74. An electrical device comprising:

a contact configured for electrical connection to a power line;

a voltage sensor for in-series connection to the power line to detect voltage signals indicative of the power line and provide analog signals indicative of the detected voltage signals; an analog-to-digital convertor (ADC) configured to receive the analog signals from the voltage sensor and output digital signals; and

a processor configured to sample the digital signals in real time.

75. An electrical device as recited in claim 74, wherein the processor is a microprocessor.

76. An electrical device as recited in claim 74, wherein sixty four samples are sampled from the respective individual cycle of the detected voltage signals and the detected current signals.

77. An electrical device as recited in claim 74, wherein the processor is configured to determine that an arc fault has occurred from at least some of the sampled digital signals.

78. An electrical device as recited in claim 77, wherein the processor is configured to determine that the arc fault is a series arc fault from a calculated mean square or root mean square values of the sampled voltage signals, and that there is little or no deviation in the detected current signals.

79. An electrical device as recited in claim 77 , wherein the processor is further configured to compute a frequency analysis of the detected voltage signals, and determine that the arc fault is a parallel arc fault based on the frequency analysis.

80. An electrical device as recited in claim 79, wherein the frequency analysis comprises calculating a Fourier transform or a Fast Fourier Transform (FFT) of the detected voltage signals, and analyzing higher order frequency signals of the Fourier transform or the FFT that are higher than fundamental frequency of the power line.

81. An electrical device as recited in claim 80, wherein the calculating of the Fourier transform, or the FFT of the detected voltage signals is performed on individual cycles of the detected voltage signals, and wherein the arc fault is determined to be a parallel arc fault when based on the higher order frequency signals over a plurality of cycles.

82. An electrical device as recited in claim 79, wherein the frequency analysis comprises analyzing higher order frequency signals of the Fourier transform or the FFT that are higher than fundamental frequency of the power line.

83. An electrical device as recited in claim 79, wherein the power line is a hot power line, wherein when the parallel arc fault has occurred over the hot power line to a neutral power line, there is little or no deviation in the detected current signals.

84. An electrical device as recited in claim 74, wherein the processor is configured to decide, for each cycle of the detected current and/or voltage signals, whether to activate or de-activate the solid state switch.

85. An electrical device as recited in claim 74, wherein the processor is configured for active power distribution of the power line within each cycle of the detected current and/or voltage signals by activating or deactivating the solid state switch.

86. An oscilloscope electrical device comprising:

a contact configured for electrical connection to a power line; a sensor for in circuit electrical connection to the power line to detect signals indicative of the power line;

a processor configured to sample the detected signals in real time, and provide oscilloscope information indicative of the sampled signals.
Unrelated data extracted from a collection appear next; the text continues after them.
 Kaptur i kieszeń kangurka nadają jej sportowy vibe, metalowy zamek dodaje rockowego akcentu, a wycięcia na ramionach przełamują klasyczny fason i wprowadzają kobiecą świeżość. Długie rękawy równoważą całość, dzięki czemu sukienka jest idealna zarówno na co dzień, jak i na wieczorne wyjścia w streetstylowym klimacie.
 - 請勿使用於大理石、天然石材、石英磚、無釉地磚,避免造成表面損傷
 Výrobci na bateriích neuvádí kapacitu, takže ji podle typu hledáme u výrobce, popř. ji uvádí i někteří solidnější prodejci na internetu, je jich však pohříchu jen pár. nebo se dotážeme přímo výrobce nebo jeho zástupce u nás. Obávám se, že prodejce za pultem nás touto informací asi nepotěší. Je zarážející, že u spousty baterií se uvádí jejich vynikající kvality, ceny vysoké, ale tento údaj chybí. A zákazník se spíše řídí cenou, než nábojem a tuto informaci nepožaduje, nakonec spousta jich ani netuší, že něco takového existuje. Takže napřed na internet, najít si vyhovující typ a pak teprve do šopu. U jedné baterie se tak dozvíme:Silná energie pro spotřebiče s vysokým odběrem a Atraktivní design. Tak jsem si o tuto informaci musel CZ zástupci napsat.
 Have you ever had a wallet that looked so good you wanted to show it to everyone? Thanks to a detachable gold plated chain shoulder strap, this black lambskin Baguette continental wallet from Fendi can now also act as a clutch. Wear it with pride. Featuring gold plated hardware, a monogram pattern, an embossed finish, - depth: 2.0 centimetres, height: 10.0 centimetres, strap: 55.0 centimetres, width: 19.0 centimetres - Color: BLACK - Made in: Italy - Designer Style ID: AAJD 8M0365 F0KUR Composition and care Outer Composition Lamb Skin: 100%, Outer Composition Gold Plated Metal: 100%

87. An oscilloscope electrical device as recited in claim 86, wherein the electrical connection to the power line is in series electrical connection for current.
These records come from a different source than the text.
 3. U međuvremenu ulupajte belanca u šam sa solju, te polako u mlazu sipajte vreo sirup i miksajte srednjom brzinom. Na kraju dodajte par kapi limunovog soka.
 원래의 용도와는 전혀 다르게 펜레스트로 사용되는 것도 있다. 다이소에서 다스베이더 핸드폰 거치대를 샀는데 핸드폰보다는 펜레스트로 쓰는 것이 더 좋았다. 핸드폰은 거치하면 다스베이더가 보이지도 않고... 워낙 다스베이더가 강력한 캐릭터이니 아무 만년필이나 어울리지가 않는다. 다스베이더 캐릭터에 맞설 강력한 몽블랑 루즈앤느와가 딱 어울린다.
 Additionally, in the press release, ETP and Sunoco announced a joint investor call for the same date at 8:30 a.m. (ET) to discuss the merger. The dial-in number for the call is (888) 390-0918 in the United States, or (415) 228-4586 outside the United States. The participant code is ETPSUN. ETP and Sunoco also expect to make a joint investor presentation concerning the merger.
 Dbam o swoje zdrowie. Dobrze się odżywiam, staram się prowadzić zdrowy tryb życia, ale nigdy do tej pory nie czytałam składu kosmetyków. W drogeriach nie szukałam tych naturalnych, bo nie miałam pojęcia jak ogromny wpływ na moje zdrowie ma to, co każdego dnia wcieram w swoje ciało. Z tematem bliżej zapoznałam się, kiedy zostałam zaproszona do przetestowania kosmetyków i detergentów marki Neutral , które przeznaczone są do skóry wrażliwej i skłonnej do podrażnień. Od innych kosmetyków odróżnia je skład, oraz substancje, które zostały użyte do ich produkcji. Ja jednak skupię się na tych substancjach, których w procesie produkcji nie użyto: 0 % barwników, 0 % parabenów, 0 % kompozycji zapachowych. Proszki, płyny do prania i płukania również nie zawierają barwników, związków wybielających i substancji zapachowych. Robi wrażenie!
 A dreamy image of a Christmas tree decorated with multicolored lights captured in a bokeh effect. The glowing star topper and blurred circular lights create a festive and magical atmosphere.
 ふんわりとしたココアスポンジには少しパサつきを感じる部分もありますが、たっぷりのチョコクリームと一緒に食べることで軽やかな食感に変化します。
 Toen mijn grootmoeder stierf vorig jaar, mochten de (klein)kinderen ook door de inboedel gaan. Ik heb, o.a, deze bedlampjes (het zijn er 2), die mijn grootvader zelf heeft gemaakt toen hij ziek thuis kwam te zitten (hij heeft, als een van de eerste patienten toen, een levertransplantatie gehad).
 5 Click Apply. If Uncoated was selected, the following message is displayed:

88. An oscilloscope electrical device as recited in claim 86, wherein the electrical connection to the power line is in parallel electrical connection for voltage.
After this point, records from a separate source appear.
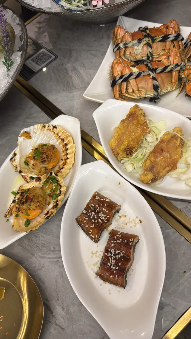刺身都好高質!!另一盤係有鮑魚,螺頭等等!!好滿足!!!泰式食物都有好多架,冬陰公湯好正!炸蝦餅好食,仲有飛天通菜,炒椰菜苗,仲有幾款麻辣食物,麻辣豬耳,口水雞♥️♥️飲品
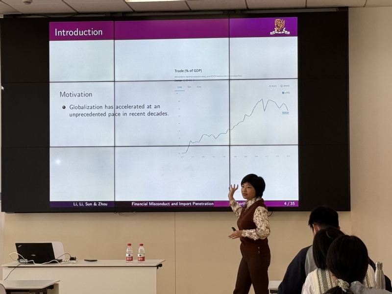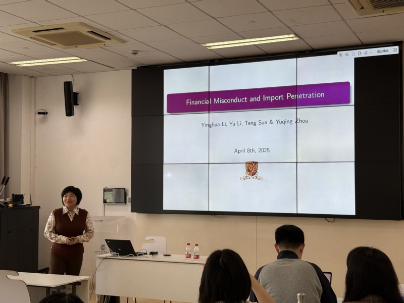 2025年4月8日,由香港中文大学经济管理学院主办的学术报告会在学院学术报告厅隆重召开。此次报告由会计学院教师王娟婷主持,周雨晴助理教授以《财务不当行为公告对进口渗透率影响的研究》为题,详细阐述了她和团队最新完成的研究成果,并对相关理论与实证分析进行了全面解读。学院金宇超、董雅姝、官峰、饶艳超、顾瀚驰等多位教师以及十多位硕士和博士生参与了讨论,与会人员纷纷表示期待通过此次报告进一步推动金融监管与国际贸易领域的学术交流。
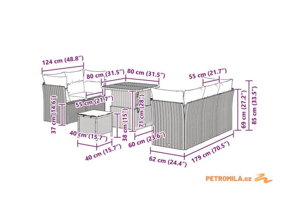 - 1 x Středové sedátko: 55 x 62 x 85 cm (ŠxHxV)
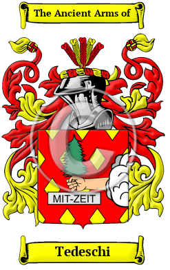 | Tedeschi History, Family Crest & Coats of Arms Etymology of TedeschiWhat does the name Tedeschi mean? The Tedeschi surname comes from the Italian word "tedesco," meaning "German," from the Old High German word "diutisc." As such, the name meant "one of Germany descent." It was also a Jewish name in Italy, given to or taken by Ashkenazic Jews in Italy. The name Tedeschi is the plural form of Tedesco. Early Origins of the Tedeschi familyThe surname Tedeschi was first found in Sicily (Italian: Sicilia), the largest island in the Mediterranean Sea where someone of the name of Cau is said to have come to Italy with the House of Hohenstaufen Dynasty from Swabia (in Germany,) and served under Emperor Henry VI (Arrigo VI of Svevia,) King of Sicily from 1194 to 1197. Early History of the Tedeschi familyThis web page shows only a small excerpt of our Tedeschi research. Another 59 words (4 lines of text) covering the years 1434, 1440, 1573, 1616, 1666 and 1674 are included under the topic Early Tedeschi History in all our PDF Extended History products and printed products wherever possible. Tedeschi Spelling VariationsSpelling variations of this family name include: Tedisco, Todeschi, Todesco, Tedeschi and others. Early Notables of the Tedeschi family- a Nicolo Tedesco, who was Archbishop of Palermo (1434-1440) and made a Cardinal in 1440. In 1573, a Giovani-Giacome Tedeschi was a member of the counsel of noblemen of Verona

89. An oscilloscope electrical device as recited in claim 86, wherein the oscilloscope information includes a waveform of the detected signals, further comprising a display screen for the providing of the waveform in real time.

90. An oscilloscope electrical device as recited in claim 86, wherein the processor is configured to analyze the sampled signals in real time.

91. An oscilloscope electrical device as recited in claim 88, wherein the analyzing includes calculating a mean square or a root mean square of the sampled signals.

92. An oscilloscope electrical device as recited in claim 88, wherein the analyzing includes performing frequency analysis of the detected voltage signals.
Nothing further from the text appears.